This is day two of celebrating over 1 million weekly readers with an “Ask Me Anything” episode based on reader questions I solicited last week. Here’s the second set of answers! Today’s theme is my investing history and some questions about my investing approach. Congrats to all the winners.
- sylvyse: How long do you hold a stock in your portfolio?
- MB: The shortest I might hold for 2-3 months, the longest are all 5+ years. It’s quite rare for me to enter a new stock or sell a stock completely; most of my activity is selling a portion of one holding to “double-down” into another, or using dividend income to buy more of a stock I already own.
- Kobe24PaulGeorge: What is your educational background, and how did you build your background in investing / financial literacy / trading?
- MB: I have a Bachelor of Arts in Political Science and a law degree, plus I passed a basic securities course when I became a corporate lawyer. But I don’t have any formal training in investing or finance. All of what I know comes from putting my own money at risk, and trying to learn as much as I can about the things that impact my investments. I try to really learn the painful/expensive lessons that the market teaches. I try to transform those lessons into procedures or principles that I use to guide future decisions.
- Brent: How do you manage to go through all the disclosures that come out daily and pick what to include in the daily newsletter?
- MB: I did a deep dive into how MB is made, you can check that out here. When it’s not earnings season, there are usually around 20-30 disclosures per day that could contain something interesting in them, but after having done this for so long, I very quickly weed out all the low-value stuff (buy-back transactions, briefing notices, change in shareholdings notices, etc) and focus in on the types of disclosures that are most likely to contain red meat (material information notices, press releases, clarifications, acquisition or disposition of shares, etc). There are usually only 5-8 of these types of disclos on any given day. I do a quick read of each to see what most interests me, and then I start my deeper reading and writing process on maybe 3-4 of those storylines. I usually pick things to write about that check multiple boxes on the “potentially interesting” checklist: big news, big names, interesting transactions, opportunities to learn something new.
- Jeys: Do you have an unpopular opinion with regards to holding long-term?
- MB: Not so much an unpopular opinion as what I think of as an inconvenient truth: my investments are better off without me. The more involved I get, the worse my investments tend to perform over time. I buy and hold for the long term (my goal is usually to hold for 1-5 years), and I’ve almost always hurt my potential returns when I try to get cute and pick intermediate tops and bottoms. I’m almost always better off just letting my picks sit. When I was younger I’d trade just for the sake of making a trade, to feel cool hitting the buy or sell button like I’m some kind of big shot. All I really ended up doing was hurting my returns and giving some commissions to my broker.

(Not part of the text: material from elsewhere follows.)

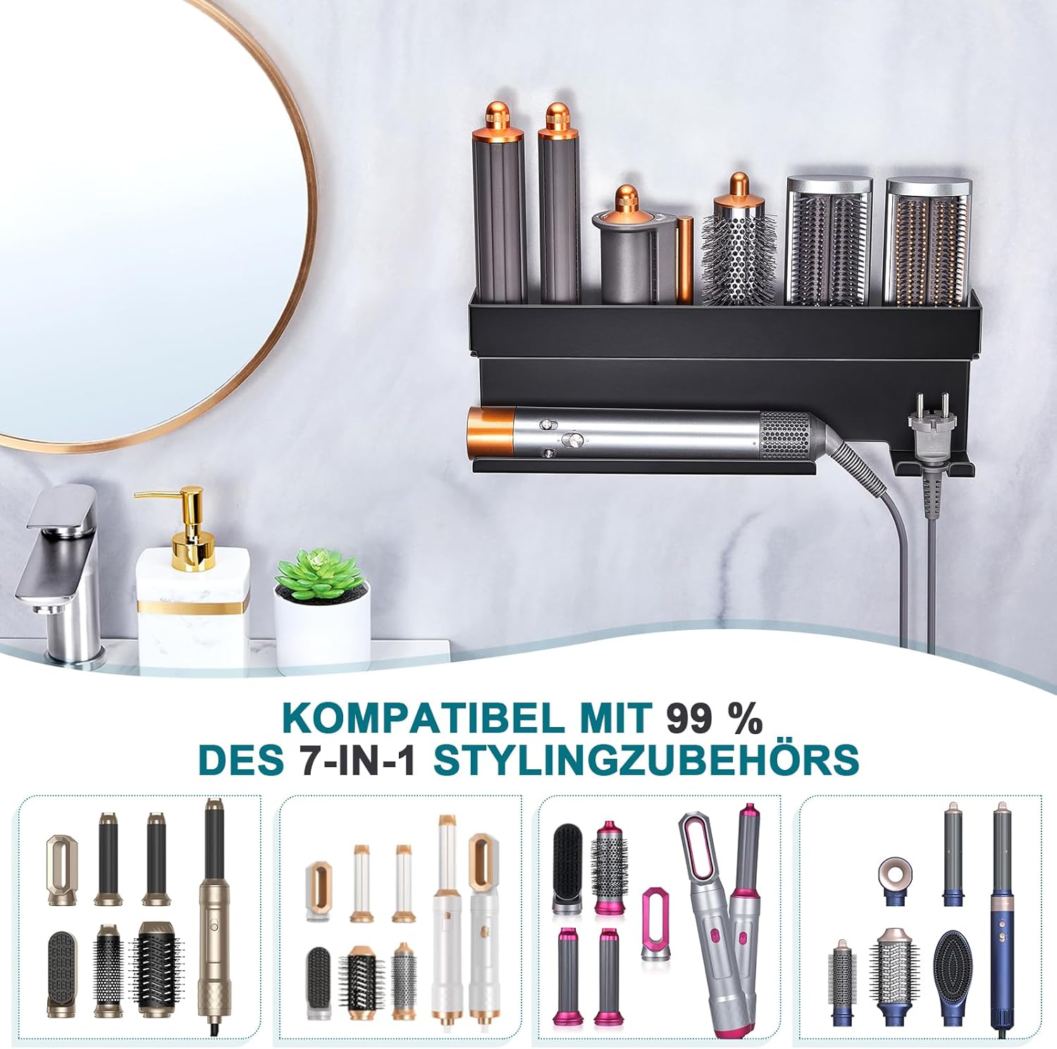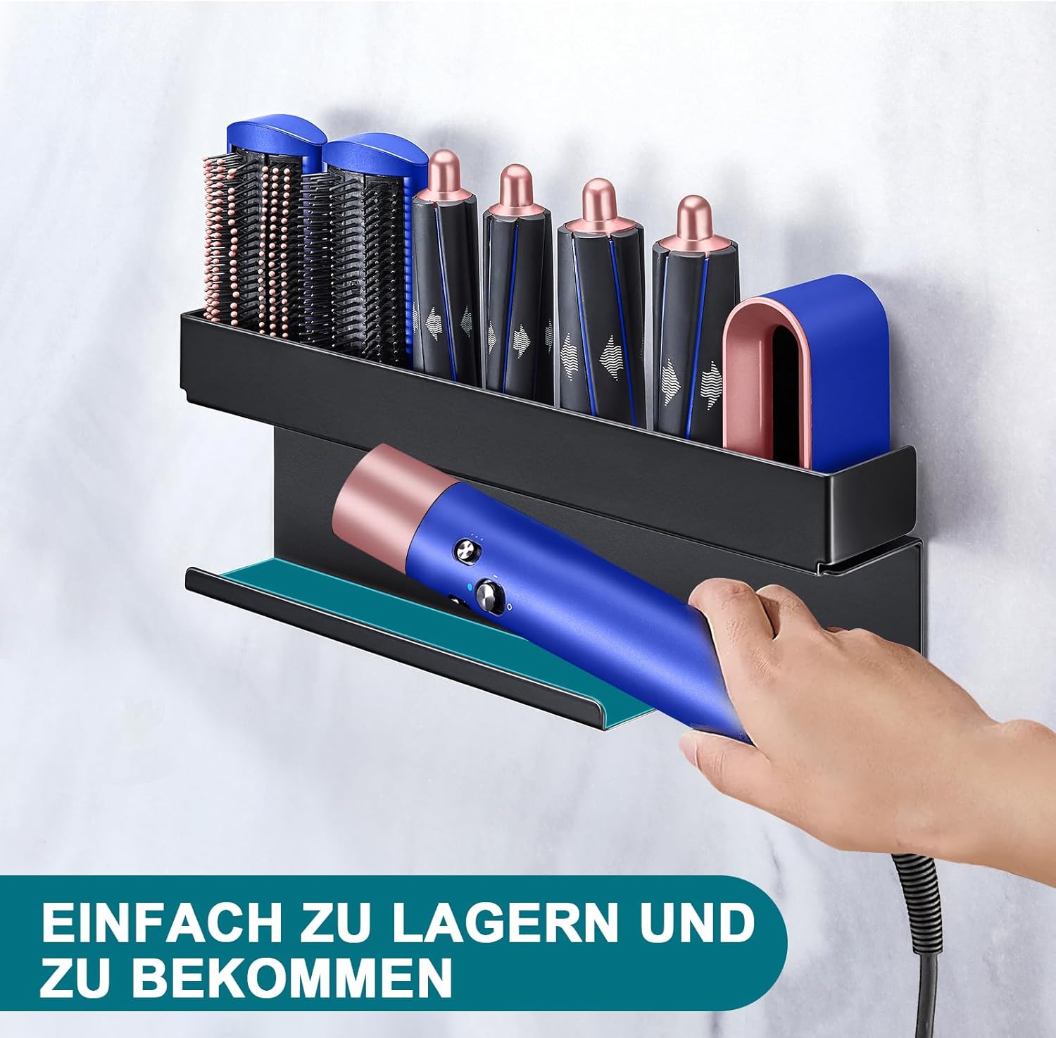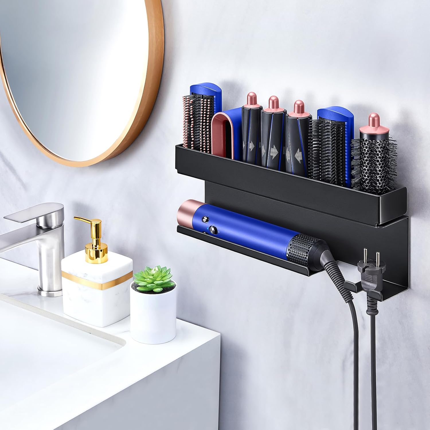 - Rangement efficace : Le support est conçu pour accueillir tous vos accessoires de sèche-cheveux, gardant votre espace ordonné.

- Edric: What do you do with stocks that have reached your target price?
- MB: In my version of investing, I try to imagine the ways that the country will change over time, and I try to pick the companies that are best positioned to monetize that change. When I do this, I don’t really have a target price in mind, so much as I have a “target circumstance”. Let’s say that my thesis was that nuclear power would be the primary source of electricity in 10 years (it’s not, just picking something for sake of example). Once I do all the research to pick my companies and my entry points, I’m going to wait until parts of that thesis have come true, like nuclear power being a primary power source, before I’m going to look to sell. That’s a huge over-simplification, as it ignores all of the re-evaluations that I do along the way to confirm that my thesis is still accurate, but it’s at least the start of an explanation as to why I don’t really enter into a trade with a specific target price in mind.
- @_JAOBAN: If you could tell any financial advice to your 20-year-old self, what would it be?
- MB: I’d tell myself to spend more time trying to figure out my investing niche. In my early trading days I spent waaaay too much time trying to be a bigshot portsnap trader, and that caused me to make bets that I didn’t really understand, carrying levels of risk that I didn’t really appreciate. I nuked my account several times in my 20s doing this. It took so long for me to accept the reality that what I was good at was picking long-term winners and tending a small garden of picks over years. Once I accepted my strategy and then focused on improving it, I stopped sabotaging my performance with random/uncontrolled losses and actually started to build a portfolio that would grow every year. To be clear, long-term investing is what works for me. If your “edge” is in technical analysis or with some other signal set or timeframe, then my approach isn’t likely to help you. But the advice to myself–to focus on what works for me and forget the rest–would apply to anyone.